消えない足音

実話風

数十年前、三重県のとある山村に住んでいた一人の青年がいた。彼は毎晩、深夜になると聞こえてくる不気味な足音に悩まされていた。

村の人々はこの足音について知っていたが、誰も口にしようとはしなかった。その足音は、かつて村で起きた悲劇的な事件と関わっていると言われていた。

その事件は、ある寒い冬の夜に起こった。村に住む若い女性が、夜道で何者かに襲われ、悲鳴を上げる間もなく消えてしまった。彼女の姿は二度と見つからず、ただ足跡だけが雪の上に残されていた。

青年はこの話を聞いてから、足音がより一層恐ろしく感じられるようになった。
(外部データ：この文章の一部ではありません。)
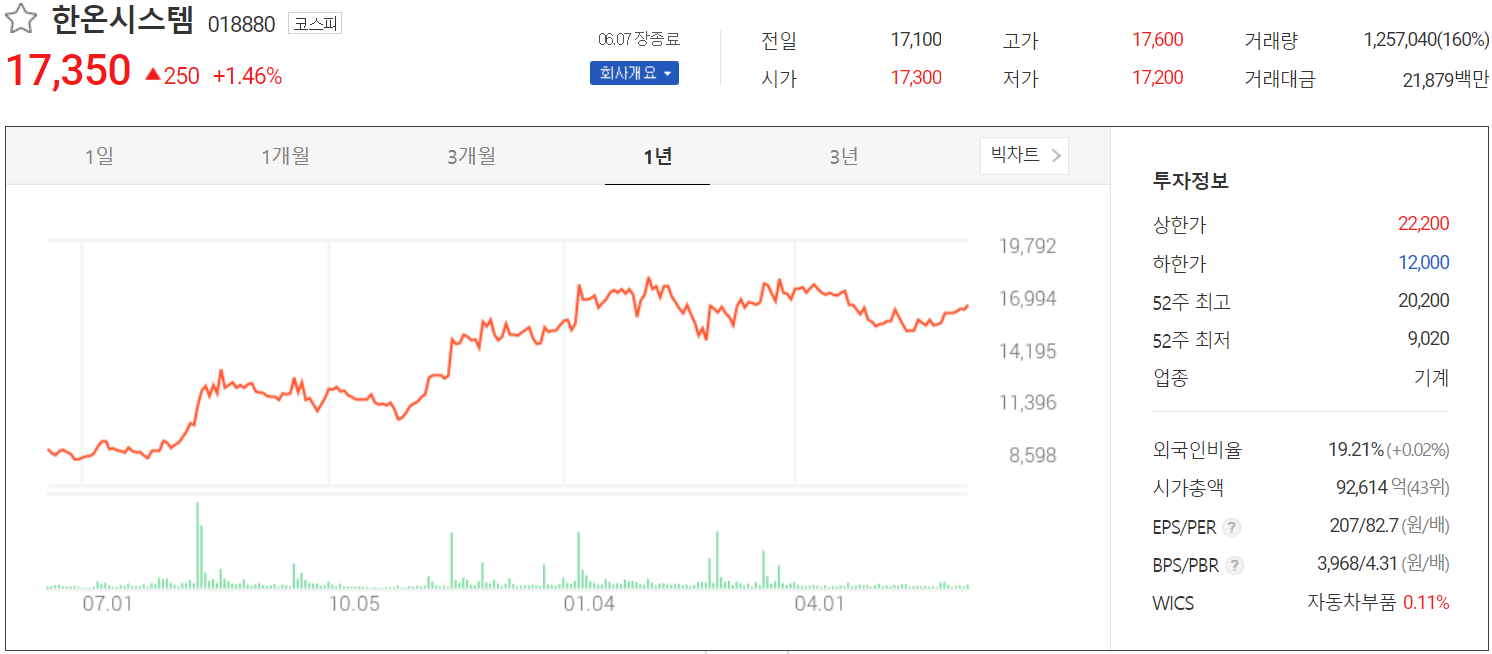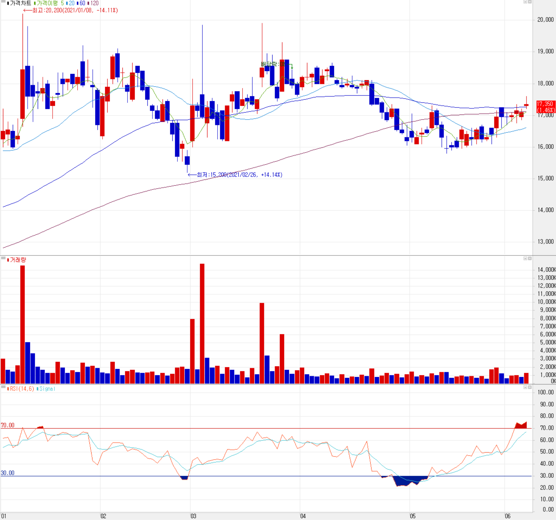 6월 7일 장 종료 기준 당사의 주가는 전 거래일보다 1.46% 오른 17,350원에 거래를 마쳤습니다. 외국인 비중은 19.21%이며, 시가 총액은 9조 2,614억 원으로 코스피 시총 43위 종목입니다.

特に夜が深まると、窓の外から聞こえてくるその足音は、彼の心を締め付けるような恐怖を呼び起こした。

ある夜、我慢の限界に達した青年は、足音の正体を確かめるべく外に出た。月明かりに照らされた道を、彼は恐る恐る歩いて行った。そして、足音が最も近くに聞こえる場所に辿り着いたとき、突然風が強くなり、目の前には誰もいないはずの足跡が現れた。

驚きと恐怖で動けなくなった青年は、その場に立ち尽くすしかなかった。すると、目の前から足音は消え、代わりに冷たい風が吹き付けた。彼は慌てて家に戻ったが、その夜から彼の部屋の窓に、毎晩霜が降りるようになった。そして、その霜にはいつも無数の足跡が刻まれていた。

村の人々は、この現象を「消えない足音」と呼ぶようになった。青年は徐々に精神を病み、村を離れる決心をした。しかし、どこに行ってもその足音は彼を追いかけ、夜ごとに彼の睡眠を奪った。

数年後、青年は再び三重県のその村に戻ってきた。村は一変し、多くの人々が去った後だったが、彼はそこで一人の老婆に出会った。老婆は彼に、かつて消えた女性が実は村の守り神であったことを告げた。彼女の魂は村を守るために留まっており、その足音は村人に警告を与えるためだったという。

青年はその話を聞き、ようやく心の平安を得た。しかし、村に残された彼の家では、まだ毎夜霜が降り、その上に小さな足跡が見つかるという。そして、それは今もなお誰にも消せない恐怖として伝えられている。